Sunday, October 17, 2010

I find myself terribly gauche

How I wish I were him

Since the frequency of me gnawing my day off by facebooking is getting higher and higher.
Not to mention the butt shape stain left on my chair.
The weather's been so crazy and I barely move my ass.
Despite the fact that everyone is hanging out with everyone it doesn't pull me out from my alone-yet-not-lonely imaginary world.
This debilitating lifestyle I'm leading isn't healthy.


Friends like to tell me their stories.
Well I'm everybody's confidant I know.
Okay now you have a problem with that statement. Don't give me that look.


"If I want to play with you the
n I'll bring you to cemetery and watch Psycho there. And if I don't want to fuck around with you, then I guess I'll smash your ass when you try to high five me."

I answered my friend callously when he told me all his kindergarten friendship problems that he 's been dealing with.
That is my solution.

Asshole.I know.I am.

My dad always asked me to make friends with everyone.
Who knows you might need them one day.
Oh well I don't think I will live that long on earth.
Come on cancer is everywhere nowadays.

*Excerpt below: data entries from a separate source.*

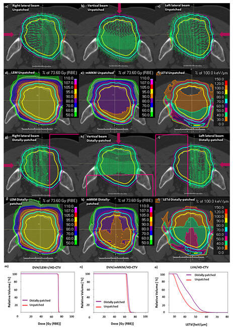 LETd optimization in large pelvic sarcomas/chordomas with LETd optimization using ‘distal patching’. (a–c) Description of unpatched beam design, a conventional 3-field beam design (bilateral and posterior beam) in a representative case of large pelvic sarcoma with spatial distribution of carbon-ion spots (green crosses represent carbon-ion spots, purple arrows represent direction of the beams). (d) DRBE|LEM-I, (e) DRBE|mMKM, and (f) LETd (unpatched) distribution corresponding to Figure 1a–c. The GTV (yellow), HD-CTV (cyan), HD-PTV (purple) were prescribed 73.6 Gy (RBE)/16 fraction. The high-LETd region can be seen at the end of the carbon-ion beam range in unpatched-CIRT plan (f). (g–i) Description of a “distal patching” with spot distribution in 3-field beam design (bilateral and posterior beam) with introduction of distal-patching structures, applied to cone down boost to HD-PTV (7 fractions). (j–l) Images demonstrating the impact of distal patching on the DRBE|LEM-I, DRBE|mMKM distribution and redistribution of LETd (especially, 40 and 50 keV/µm LETd surface in green and magenta, respectively) from periphery of HD-CTV and HD-PTV (f) to the central region of GTV (l). (m–o) DVH and LVH comparison between non-distally patched (red), and distally patched (purple) CIRT plans. Slightly higher mMKM max doses were observed, but they were located inside the target in the distally patched plan. (o) LVH showing significant improvement on LETd distribution in the distally patched CIRT plans. Note: distally-patched data (j–o) represent statistics from unpatched plan for 9 fractions, and from distally-patched plan for 7 fractions.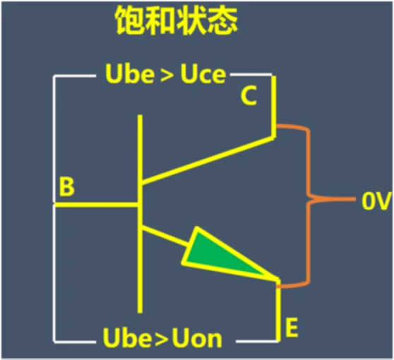 三極管當(dāng)作開(kāi)關(guān)時(shí)其工作在飽和狀態(tài),BE間的電壓要大于開(kāi)啟電壓,同時(shí)BE間的電壓大于CE間的電壓,CE間的電壓可以近似的看成是0。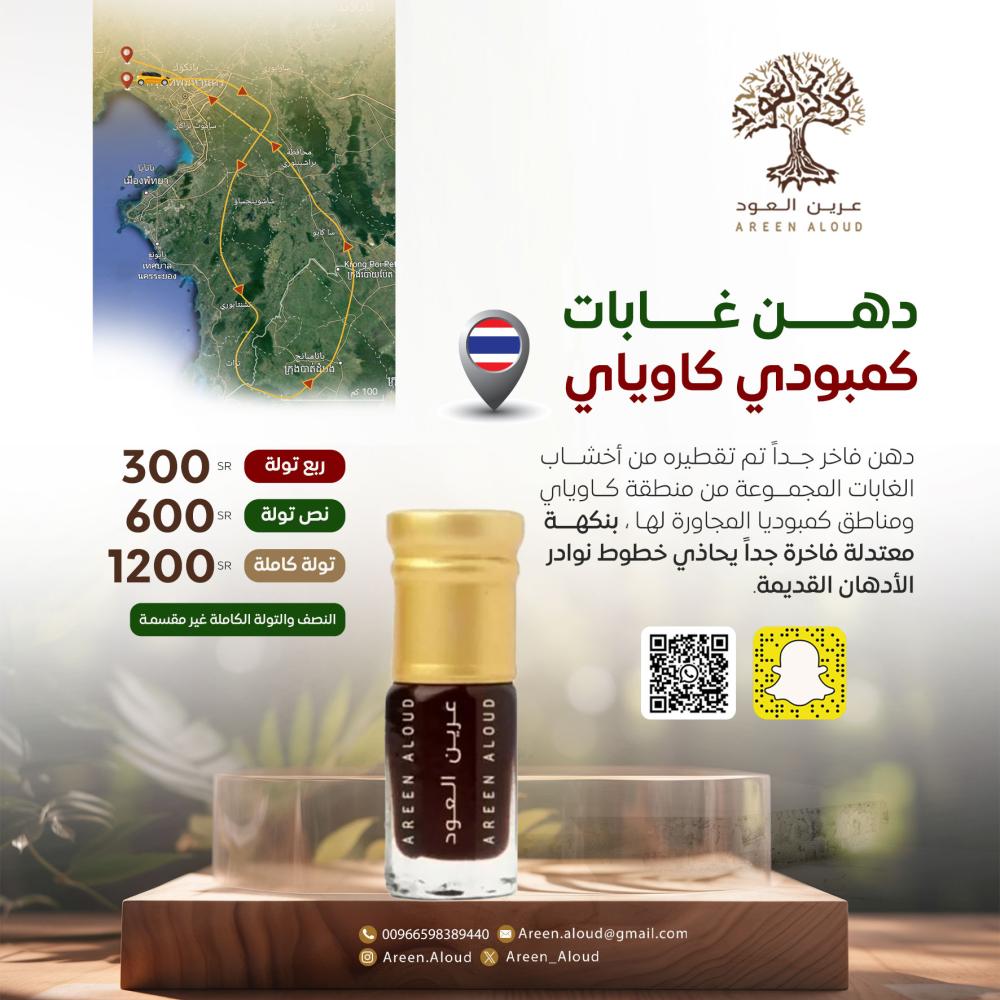 دهن فاخر جداً تم تقطيره من أخشاب الغابات المجموعة من منطقة كاوياي ومناطق كمبوديا المجاورة لها , يحاذي خطوط نوادر الأدهان القديمة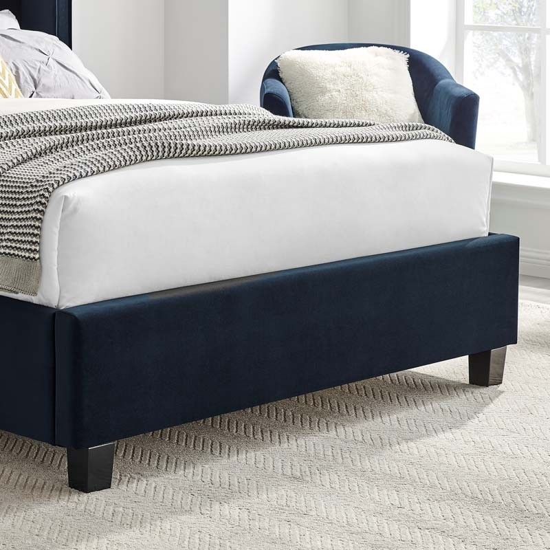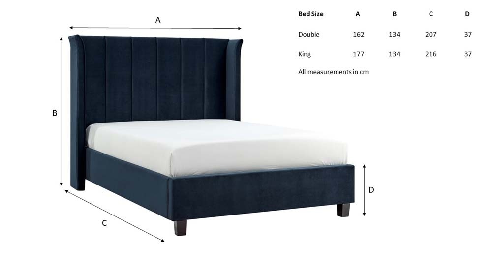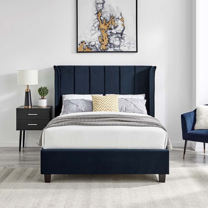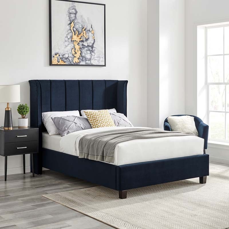Impressive and sustainable winged double bed frame design in a striking navy blue colour fabric. 100% recycled fabric re-using up to 190 plastic bottles. FREE Express Delivery.

Plus that Superbacteria already started building up its fame.
Why bother smiling to people that you don't want to hang out with?
Just tell them there is always some other nicer people who will appreciate them.
And if I really have problem next time then I'll suck it up.


At least I'm a nano better than those who told me every single bad thing about the other human whom you give him your fake sweet grin every morning.
What a contumely huh.

This is not a piece of paradigm that would promise you a better life.
Just my another shit that refused to come out from my anal.

Bastard.I know.I am.

Let me be nice for once.
Blake Lively! The temperature outside is nothing.